Status and Conditions¶
Several conditions can modify what your characters do day to day — most are managed by resting.
Fatigue¶
Your characters must rest both to memorise spells and to regain strength.
- Open a character's priest or wizard spell page, configure the spells you want to memorise, then click the rest icon. You rest for eight hours unless interrupted, then awaken refreshed.
- If the party was injured, members regain a few hit points per rest.

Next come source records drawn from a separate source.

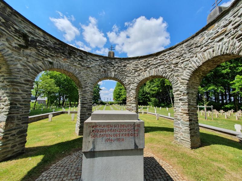 Belle promenade facile, émouvante à la découverte du cimetière Pierre Massé. Ce cimetière est la dernière demeure de 4 782 combattants morts en août 1914. Découvrez aussi l'histoire du calvaire breton. Les 3/4 de la promenades (3,5 km) sont sur petites routes asphaltée. La seule difficulté se situe au début de la promenade par une petite côte pour rejoindre le cimetière.
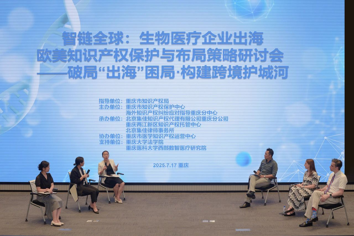 2025年7月17日,由重庆市知识产权保护中心、海外知识产权纠纷应对指导重庆分中心主办,北京集佳知识产权代理有限公司重庆分公司联合重庆两江新区知识产权托管中心、一竞技共同承办的 “生物医疗企业出海欧美知识产权保护与布局策略研讨会” 在渝顺利召开。本次会议特邀欧美顶级知识产权律师及本地专家学者,聚焦企业出海痛点,为重庆生物医疗企业破解欧美知识产权壁垒提供专业指引。
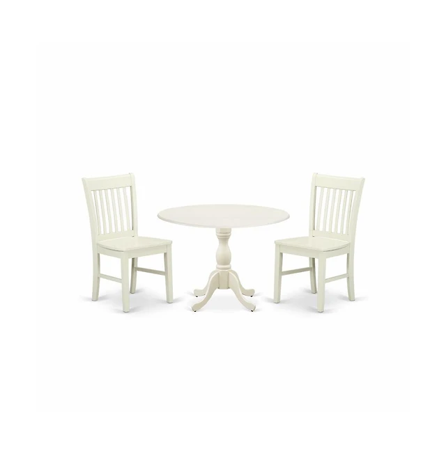 East West Furniture 3 Piece Dining Table Set Consists of 1 Drop Leaves Dining Room Table and 2 Linen White Mid Century Chair with Slatted Back
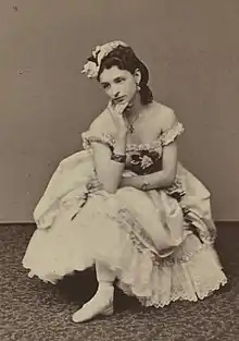 She made her New York City debut came at Niblo's Garden on Monday, September 10, 1866.[2] She then was the prima ballerina in The Black Crook at the same theatre, which premièred two days later. She appeared in Sylvia by Léo Delibes at the Metropolitan Alcazar concert hall on July 15, 1882.[3] In August 1901, Bonfanti performed with Rita Sangalli at the Metropolitan Opera House, during the inaugural season of ballet at the New York City venue.[4] Her talent for expressionist dancing and her private life were covered widely from the mid-1860s until the early 20th century.
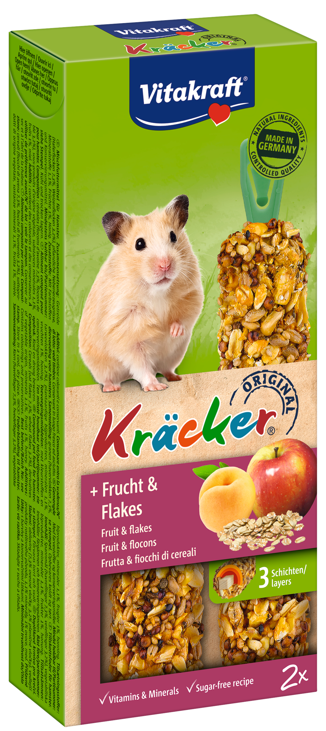 Karma uzupełniająca dla chomików w postaci krackerów, które zostały poddane delikatnemu procesowi opiekania w piekarniku. Zawierają one najlepsze zboża, nasiona, owoce lub warzywa. Krackery są opiekane na naturalnym drewnianym patyczku z praktycznym uchwytem. Różne warianty smakowe,
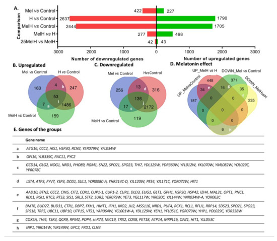 Distribution of differentially expressed genes in yeast cells grown with and without melatonin (5 μM or 25 μM), in stressed (2 mM of H2O2) and in unstressed conditions (Control, Mel, MelH, 25MelH and H). (A) The number of differentially expressed genes between different conditions (fold change −1 ≤ FC ≥ 1; p-value < 0.05). (B,C) Venn diagram showing the number of common genes found among the Mel vs. Control, MelH vs. Control and H vs. Control comparisons (up- (B) and down (C) regulated genes). (D) Venn diagram showing the number of common genes found among the up- and downregulated genes identified in the Mel vs. Control and MelH vs. H comparisons. (E) List of genes in some groups indicated in (B–D). The list of genes and the GO enrichment analysis of all the groups is shown in Table S1.
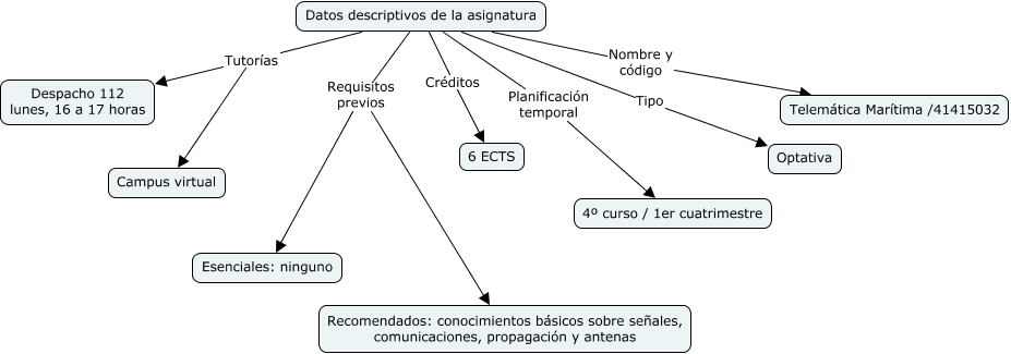 Este Cmap, tiene información relacionada con: Datos descriptivos de la asignatura, Datos descriptivos de la asignatura Tutorías Despacho 112 lunes, 16 a 17 horas, Datos descriptivos de la asignatura Créditos 6 ECTS, Datos descriptivos de la asignatura Requisitos previos Recomendados: conocimientos básicos sobre señales, comunicaciones, propagación y antenas, Datos descriptivos de la asignatura Planificación temporal 4º curso / 1er cuatrimestre, Datos descriptivos de la asignatura Tutorías Campus virtual, Datos descriptivos de la asignatura Nombre y código Telemática Marítima /41415032, Datos descriptivos de la asignatura Requisitos previos Esenciales: ninguno, Datos descriptivos de la asignatura Tipo Optativa
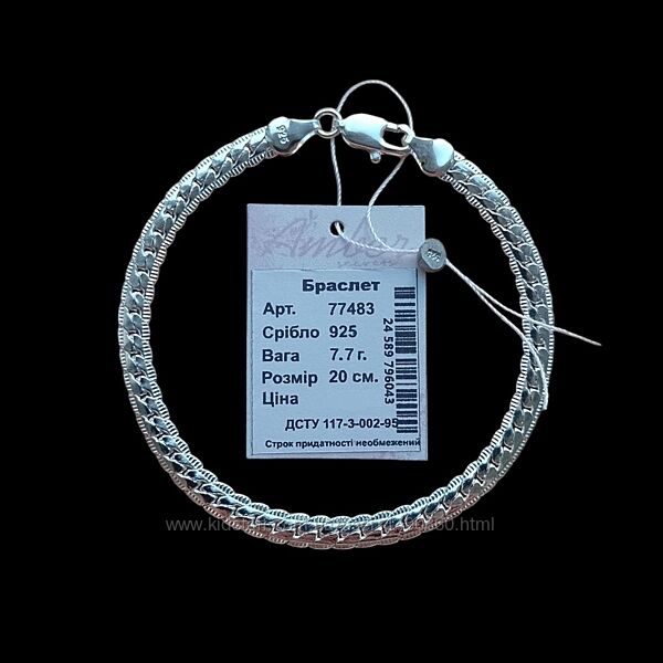Матеріал - срібло 925 проби.Довжина - 18 см, вага - 6.8 г.
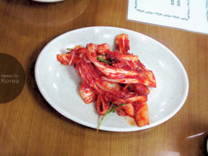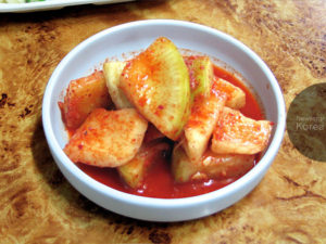 初夏の味覚。現地ではオイギムチ(오이김치)と呼ばれる。ソウル旧市街・仁寺洞の食堂で。
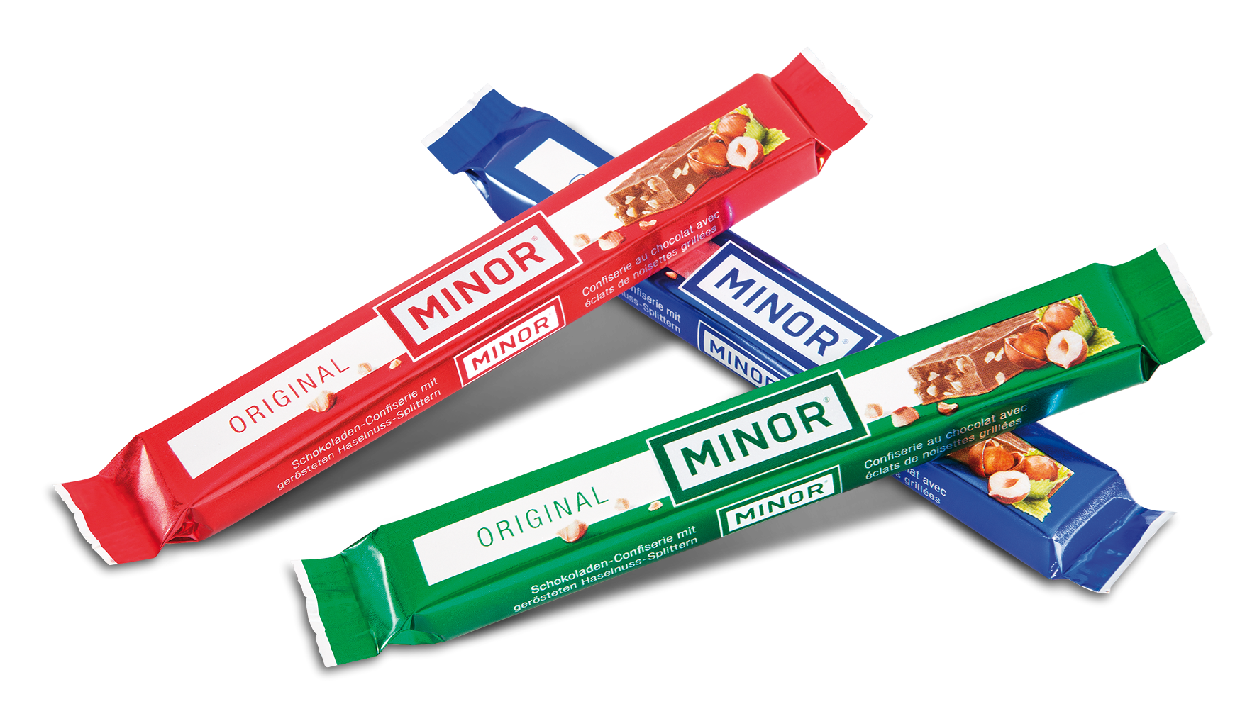Minor Original – der beliebte Schweizer Schokoladen-Stängel mit gerösteten Haselnuss-Splittern im Megapack. Lasse Dich Biss für Biss verführen.
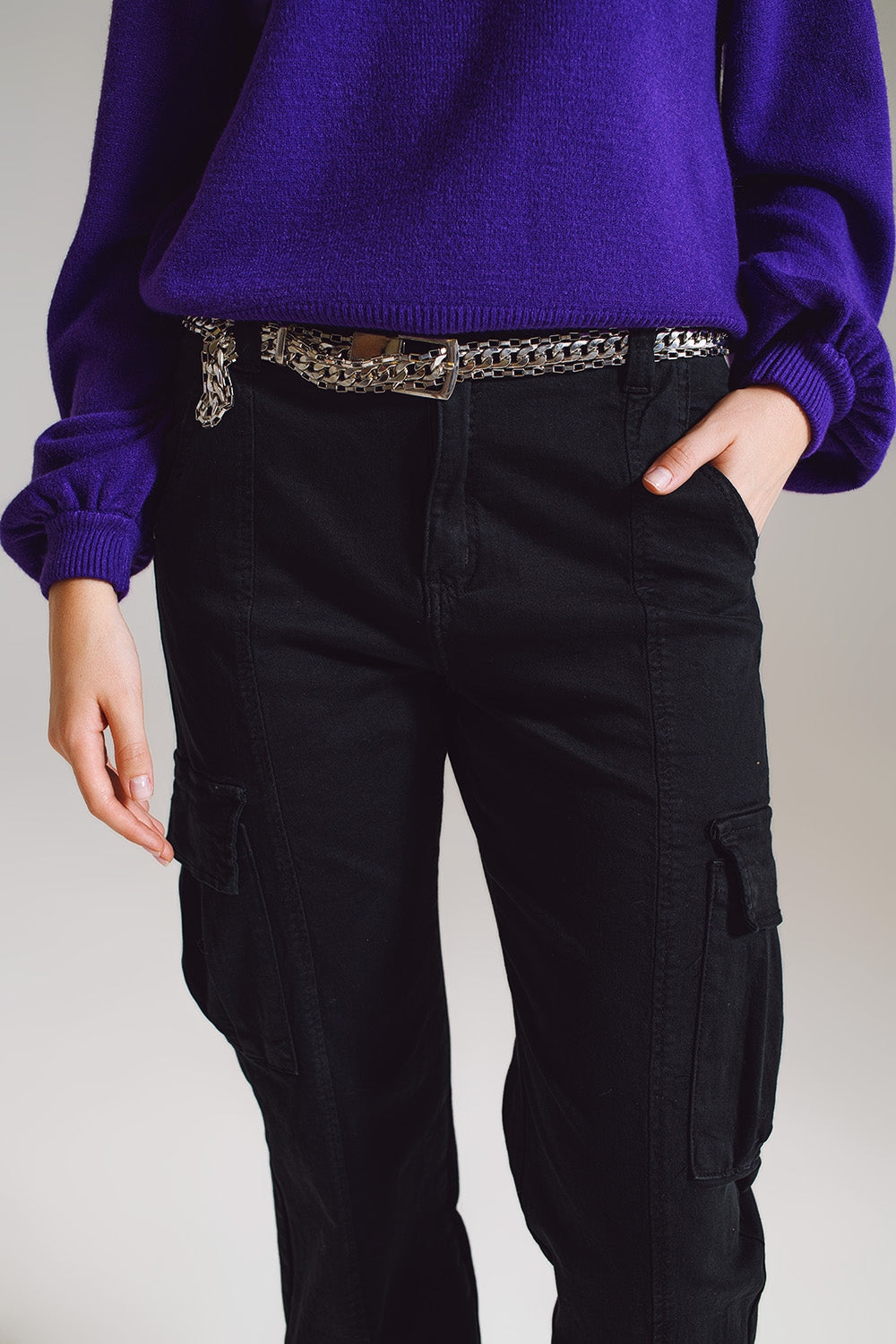 longueur: Longueur chevilles. Pantalon. Coupe: Cargo. Jambe: coupe droite. Style: Style de tous les jours. Tissu: Denim stretch. Poches: Poches sur les côtés. Fermeture : Fermeture zippée. détails du produit: Poches fonctionnelles.
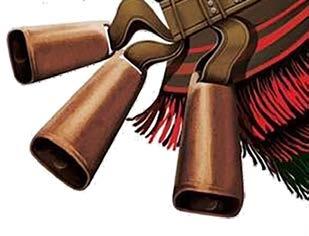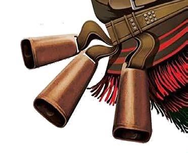 À cintura, um cinto de couro coberto de chocalhos e no peito duas fitas, também elas de couro, servem de adorno aos fatos, juntamente com o pau/vara que estas “criaturas” transportam nas mãos.
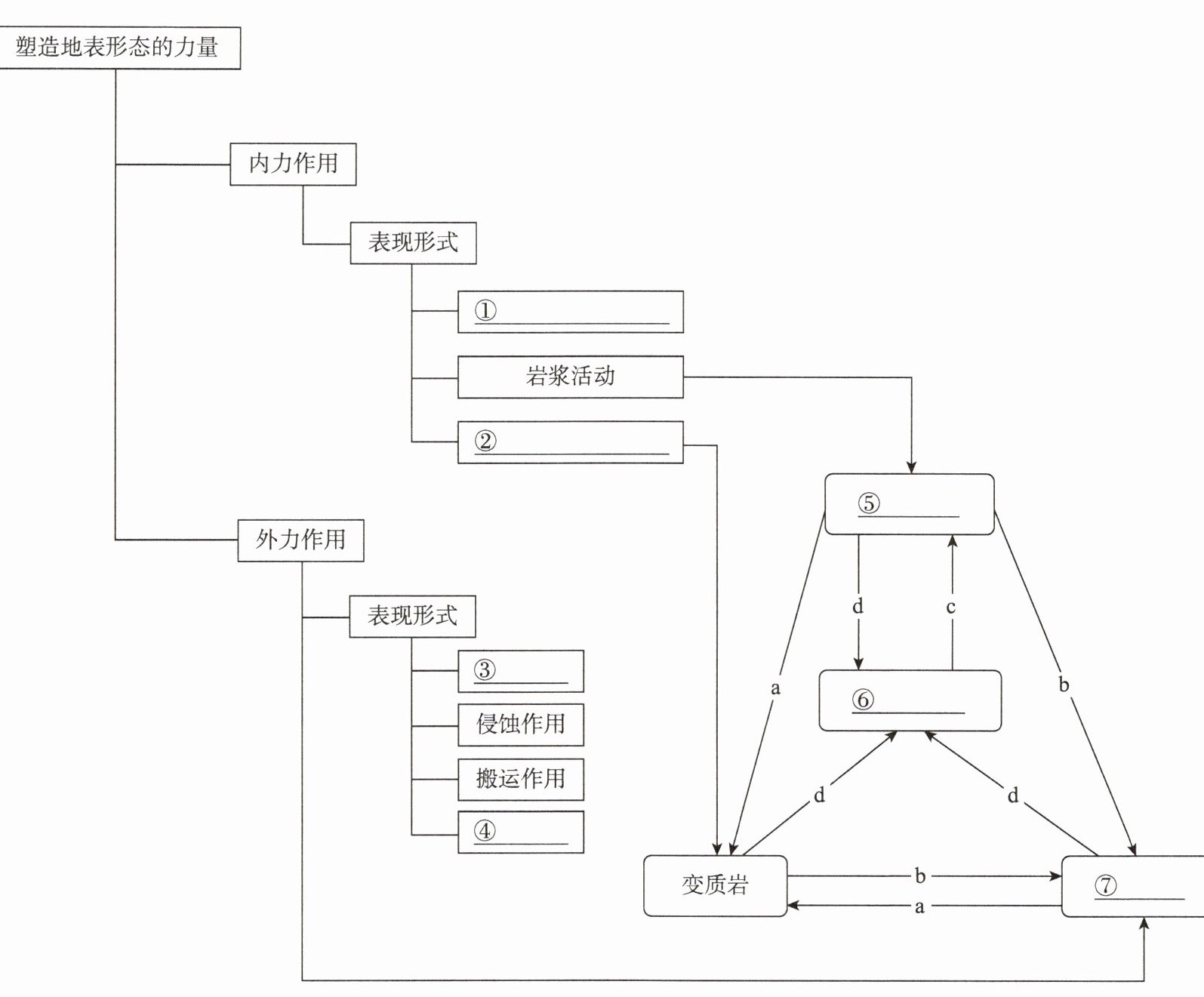 (3)导致喜马拉雅山脉形成和基拉韦厄火山喷发的地质作用均属于____,其能量来源于____,对地貌的影响最为深刻,奠定了地表形态的基本格局。
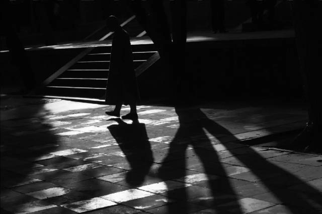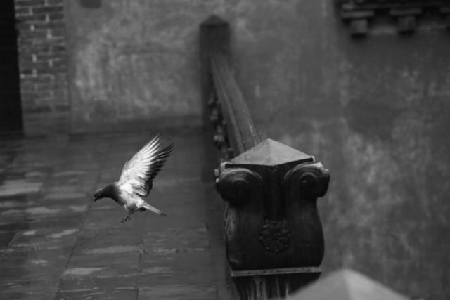 王瑤構(gòu)圖偏愛(ài)中近景,常以寺內(nèi)的草木、器物為前景,讓高僧的身影自然融入日常場(chǎng)景。她鏡頭下一位習(xí)武高僧,練拳間隙接過(guò)小沙彌遞來(lái)的水杯,喉結(jié)滾動(dòng)的吞咽動(dòng)作與身后飄揚(yáng)的經(jīng)幡形成動(dòng)靜對(duì)比,既有武者的剛勁,又有長(zhǎng)者的溫和。這種“不刻意”的抓拍,體現(xiàn)了中國(guó)文化中“大隱隱于市”的智慧,讓少林的禪意從廟堂走向生活。
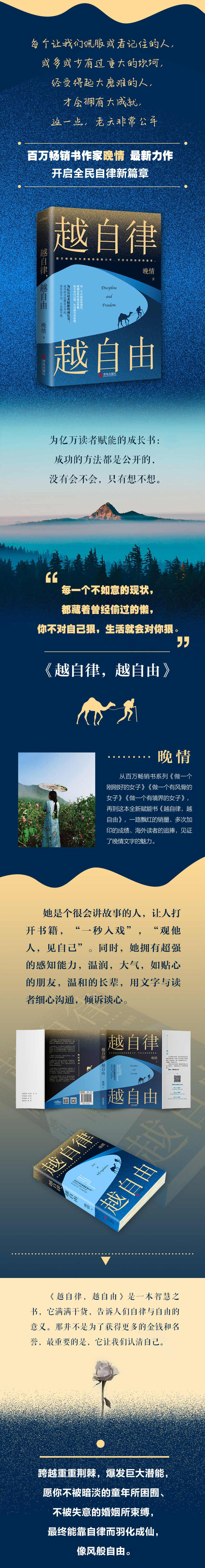 万事更新,旧疾当愈;往事清零,爱恨随意。 晚情观点: 如果我努力,我可以选择很多种生活方式。乡下住烦了,我就换到闹市去,也可以出去看世界,但如果我不努力,那我永远只能过一种生活,没的选择。 努力的意义,并不仅仅是为了金钱和名誉,最重要的是,它让我们认清自己。让你我看清原来自己还有这样的一面,可以跨越重重荆棘,可以爆发出巨大的潜能,可以没有听从命运的安排,也成了这么好的人。 很多人觉得,有些人运气特别好,经常遇到贵人帮助提携,其实这世上哪有什么贵人,真正的贵人是自己。你遇到的每一个贵人,都是你曾经结下很多善缘后得到的回报而已。 你常常觉得,自己没有职场智慧,情商不够,智商不够,所以拼不过别人。其实真正的职场高人不会去拼情商,也不会去拼智商,他们拼的都是人品,小胜靠智,大胜靠德,古人诚不我欺! 很多人觉得自律很难、很辛苦,......
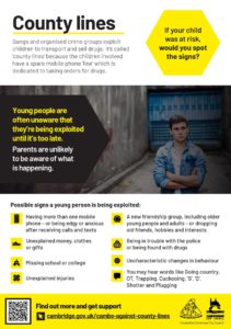 Vulnerable adults who use drugs, are in financial difficulty or have mental health problems are at greatest risk of being exploited by county lines gangs. These adults are groomed through offers of ‘free’ drugs, causing them to accumulate debts which can only be paid off by participating in county lines activities (also known as debt bondage).
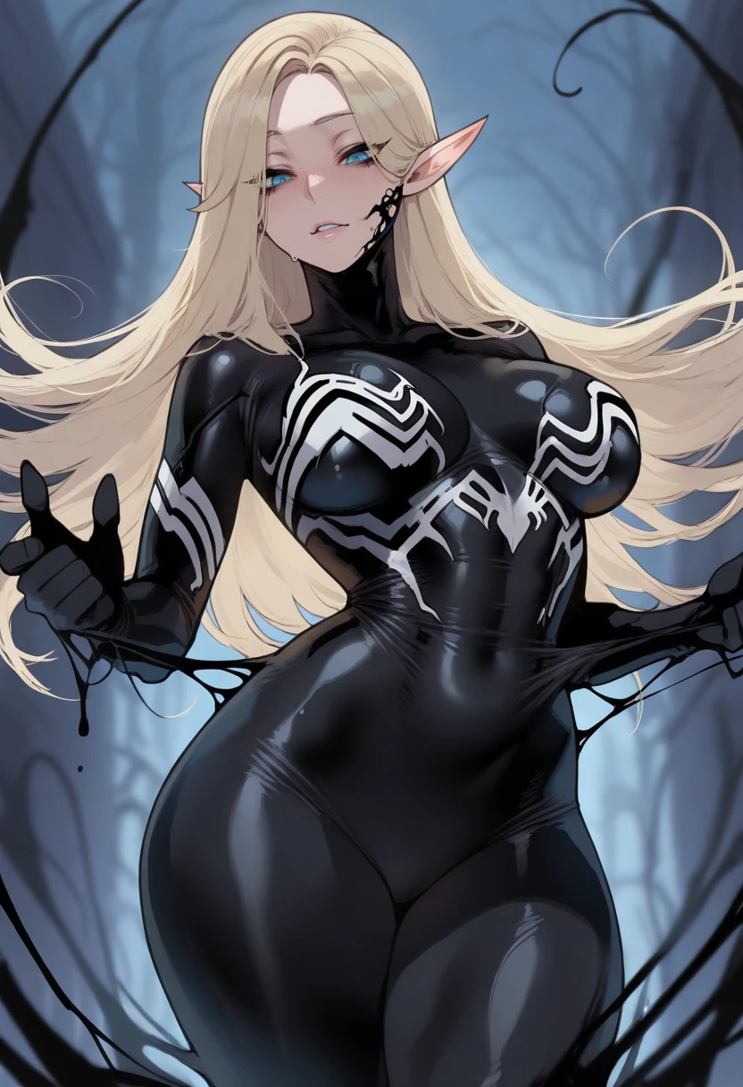 1girl, blonde hair, long hair, elf, blue eyes,pointy ears,
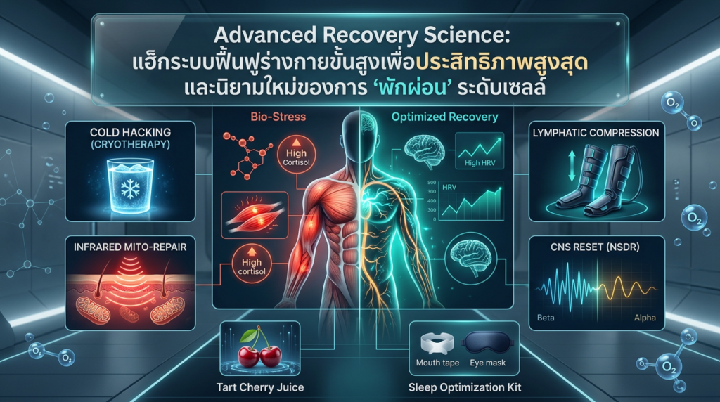 บทความนี้จะพาคุณก้าวข้ามคำว่า “การพักผ่อน” แบบพื้นๆ ไปสู่ Advanced Recovery Science (วิทยาศาสตร์การฟื้นฟูร่างกายขั้นสูง) ซึ่งเป็นการจัดการระบบประสาทส่วนกลาง (CNS) การกำจัดของเสียระดับโมเลกุล และการใช้เทคโนโลยีล้ำสมัยเพื่อ “รีเซ็ต” ร่างกายให้กลับมาพร้อมรบในเวลาที่สั้นที่สุด
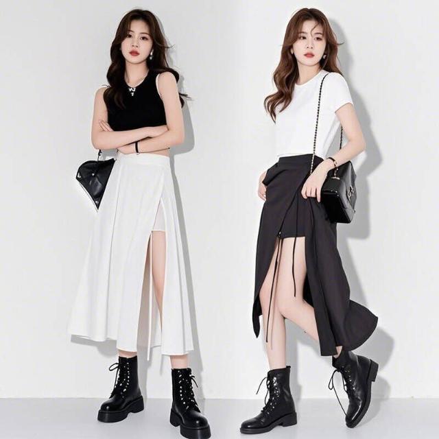 裙子半身裙長裙開叉半身裙女夏季時尚顯高顯瘦裙子帶安全褲假兩件裙褲垂感長裙女韓版顯瘦直筒高腰百搭通勤遮肉日常小個子長裙

A character can operate at peak efficiency for 24 hours of game time (≈2 hours real time). After that, fatigue sets in: for every 4 game-hours past the 24-hour mark the character takes a –1 luck penalty (–1 to all rolls). Characters with high or low Constitution are more or less resilient and can travel for longer or shorter without rest. Resting removes all fatigue penalties.
Rest in style
Characters resting in rented rooms while visiting an inn will heal more or less depending on the quality of the room.
Encumbrance¶
Each character has a fixed number of inventory slots plus paper-doll equipment slots. The total weight a character may carry is governed by their Strength — see the weight tables in the appendix.
Carrying too much slows or stops movement.
Intoxication¶
All the better inns serve a variety of intoxicants. Drinking to excess impairs combat ability. Sufficient drink bolsters morale, but the trade-off in effectiveness rarely makes it worth it.
- The number of drinks you can take before suffering penalties depends on your Constitution — a Constitution of 3 character is tipsy after a single drink.
- Recovery is uniform: a good night's sleep negates all effects regardless of how much was drunk.
Indeed, I have seen fellows with heroic constitutions drink seemingly endless amounts and suffer no visible effects.
— Volo
Perhaps "heroic" is the wrong choice of word in this instance.
— Elminster
Poison¶
Poison is an all-too-frequent adventuring hazard: bites, stings, deadly potions, drugged wines, bad food, all at the hands of malevolent wizards, evil assassins, hideous monsters, and incompetent innkeepers.
Several spells either slow the onset of a poison (giving time for further treatment) or negate it entirely.
Warning
Cure spells do not negate the progress of a poison — they only heal damage already suffered.